Кто пошел за Олей, когда ее позвала мать, и скоро ли привели ее, Андрей Николаевич не сознавал; он помнил только (и на всю жизнь запечатлелось в нем это воспоминание), как девочка, серьезная, словно взрослая, без слов, со страшно изменившимся, осунувшимся, но красотою похожим на мать личиком, остановилась у высокой постели и упала на колена.
Мать сделала слабое движение рукою, но последняя не слушалась и бессильно упала опять. Князь положил ее на голову Оли и заглянул в глаза жены, как бы желая узнать, то ли он сделал, что нужно. Взгляд черных глаз ответил ему благодарностью.
Потом больная долго собиралась с силами, и наконец ее губы снова шевельнулись, и чуть внятный шепот сказал:
– Лю… би… ее…
Князь не выдержал, закрыл лицо руками, напрасно силясь подавить сухие рыдания без слез.
IV. Новая жизнь
С тех пор, то есть со дня смерти княгини, прошло восемь лет.
Оля из ребенка стала взрослою девушкой. Обращение с нею отца после смерти княгини резко изменилось. Схоронив жену, князь, в особенности первое время, был очень ласков и мягок со всеми окружающими. Он проводил теперь почти целые дни в комнатах дочери и занимался лишь одною ею. Недавний любимец его Артемий был переведен во флигель, но учителя сначала остались у него. Вскоре, однако, они разъехались, найдя, что условия их жизни в княжеском доме теперь стали невыгодны. Новыми их не заменили. Таким образом Артемий, ровесник Ольги, рано оказался предоставленным самому себе.
Жизнь мальчика, лишенного товарищей, была одинока, и это одиночество спасло его. Если он не имел из-за этого одиночества многих радостей детства, то не имел также дурного примера. Скука и однообразие проводимых безвыездно в усадьбе князя дней пристрастили Артемия к чтению. Он рано научился забираться в библиотеку большого дома и там, забытый иногда всеми, просиживал часами, не отрываясь от книги. Он читал все, что попадалось ему под руку, и детское воображение, работая в нем и дополняя прочитанное, создавало чудные картины под влиянием описываемых в романах событий или приключений, рассказанных путешественниками.
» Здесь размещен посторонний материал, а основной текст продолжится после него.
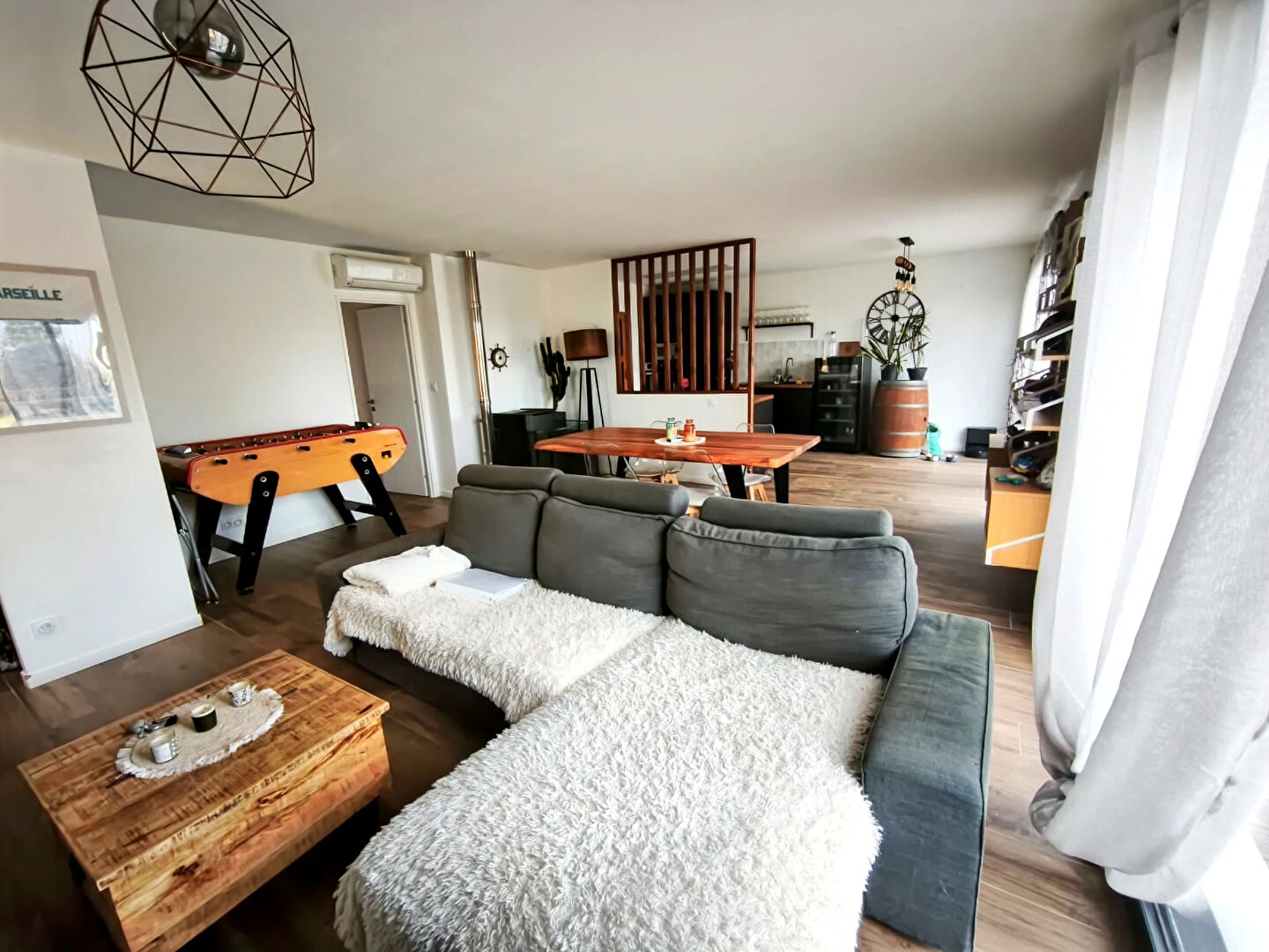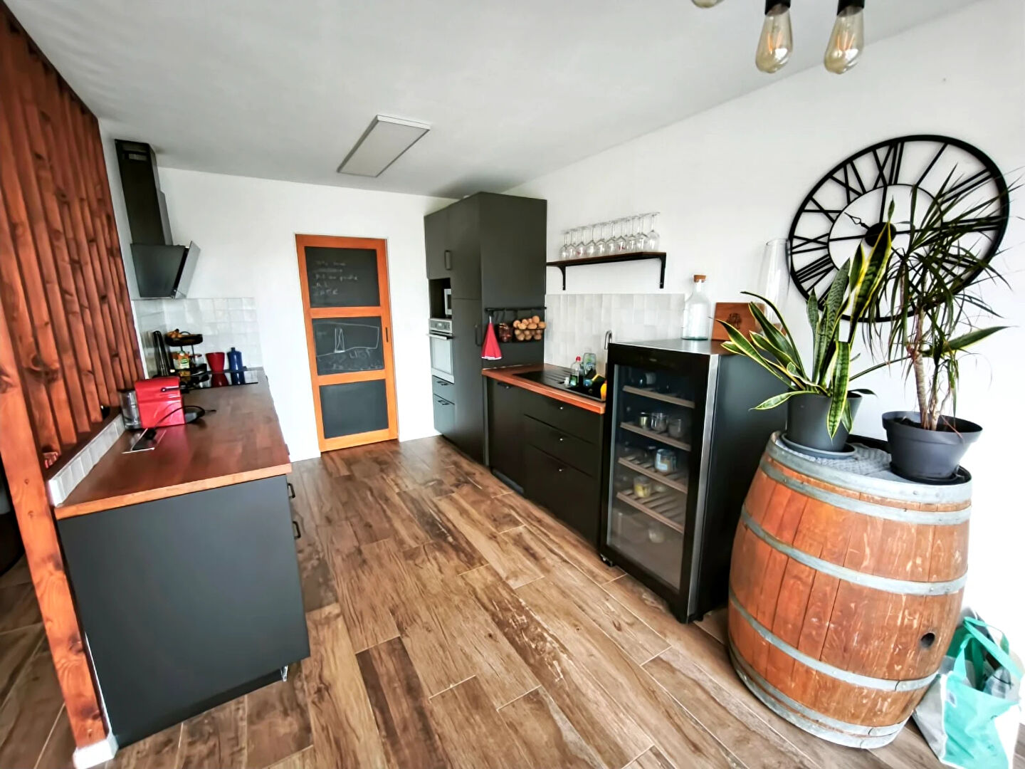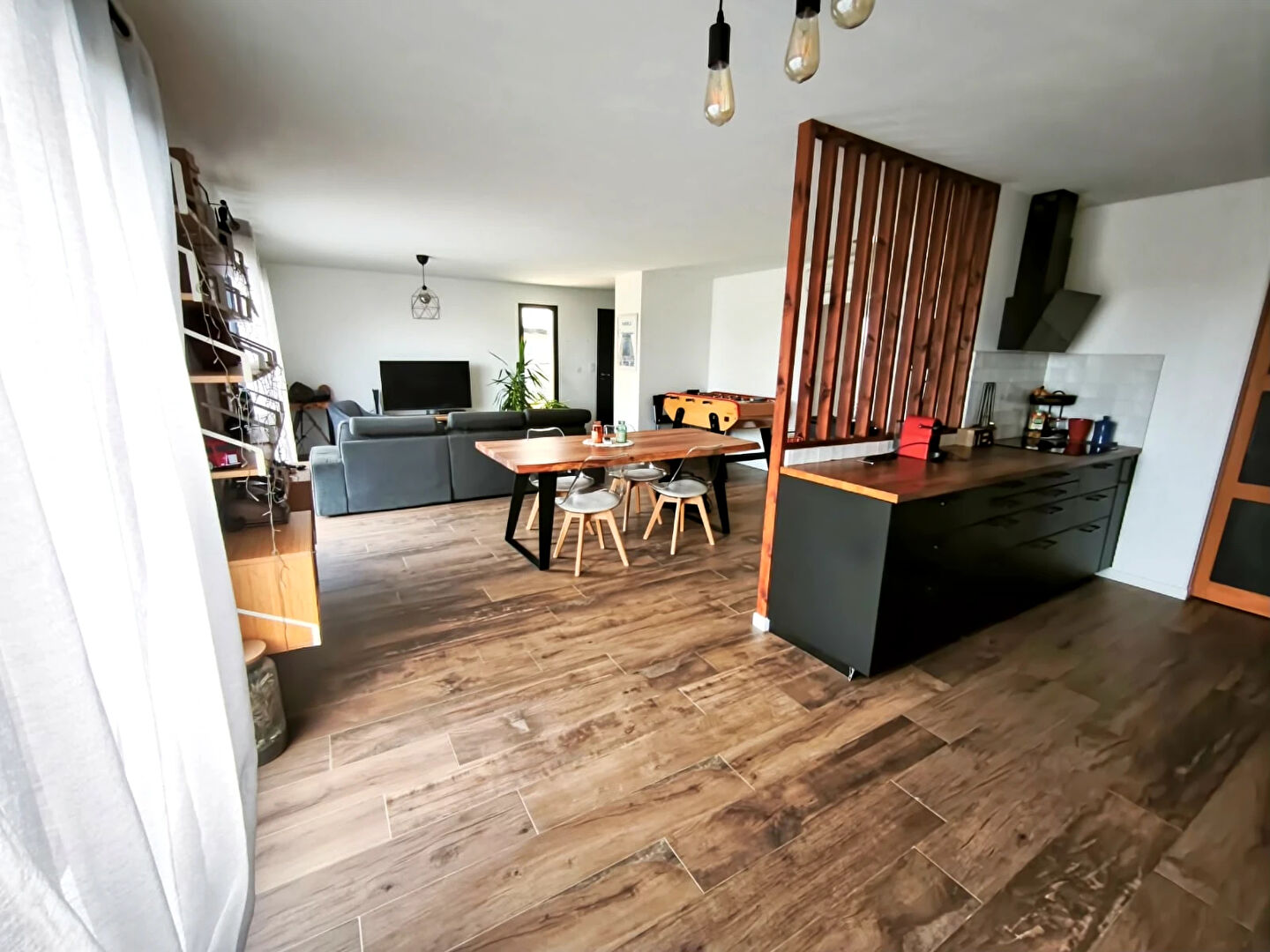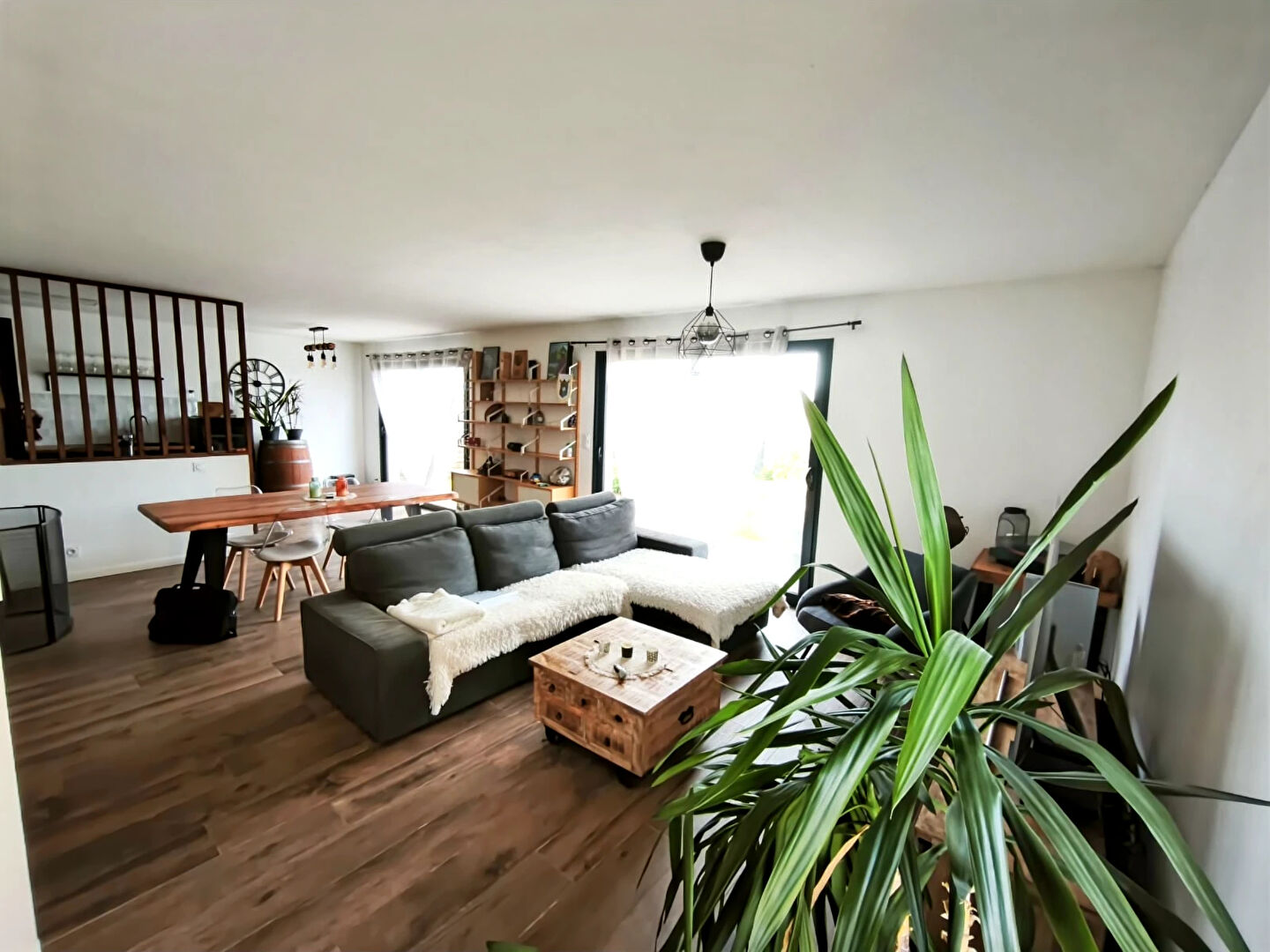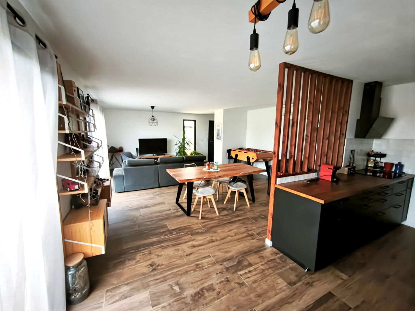 La pièce de vie de 48 m² est très agréable, avec ses 2 grandes baies vitrées qui donnent sur l'extérieur et la grande cuisine (14 m²) ouverte équipée, avec son cellier attenant.

Среди книг часто попадались и более серьезные, научные. Артемий прочитывал и их. Таким образом, когда он вошел в юношеский возраст, то оказался не только не лишенным образования, но мог считаться вполне человеком, знающим многое.
Пришлось ему случайно выказать раза два свои познания пред князем, и Андрей Николаевич снова приблизил к себе прежнего своего любимца, стал поручать ему кое-какие дела, а потом мало-помалу Артемий сделался у него чем-то вроде домашнего секретаря.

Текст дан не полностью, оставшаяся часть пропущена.